MATERIAL PROVIDED:

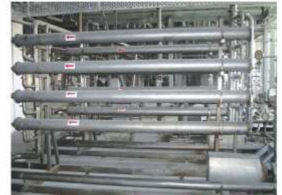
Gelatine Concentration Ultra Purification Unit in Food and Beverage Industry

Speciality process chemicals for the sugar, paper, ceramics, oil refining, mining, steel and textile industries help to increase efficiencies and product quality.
* * *
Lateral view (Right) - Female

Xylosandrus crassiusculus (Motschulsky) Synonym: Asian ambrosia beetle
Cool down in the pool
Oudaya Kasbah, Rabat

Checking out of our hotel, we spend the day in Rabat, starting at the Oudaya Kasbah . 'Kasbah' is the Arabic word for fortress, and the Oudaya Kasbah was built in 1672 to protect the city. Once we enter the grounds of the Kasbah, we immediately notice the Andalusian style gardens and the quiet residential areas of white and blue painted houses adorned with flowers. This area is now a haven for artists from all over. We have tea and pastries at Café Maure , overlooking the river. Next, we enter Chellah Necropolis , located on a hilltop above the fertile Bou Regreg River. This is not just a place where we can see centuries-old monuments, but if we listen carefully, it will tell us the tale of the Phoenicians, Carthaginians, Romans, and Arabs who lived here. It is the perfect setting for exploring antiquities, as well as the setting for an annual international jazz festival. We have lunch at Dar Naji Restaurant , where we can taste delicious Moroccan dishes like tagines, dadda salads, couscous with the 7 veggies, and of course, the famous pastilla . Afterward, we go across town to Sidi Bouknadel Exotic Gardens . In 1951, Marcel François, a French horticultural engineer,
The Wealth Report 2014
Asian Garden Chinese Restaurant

PROBLEM TO SOLVE: Check every line of the data and give the number of them that hold the string "Restaurant", with no other words.

THE COMPLETED TASK: 2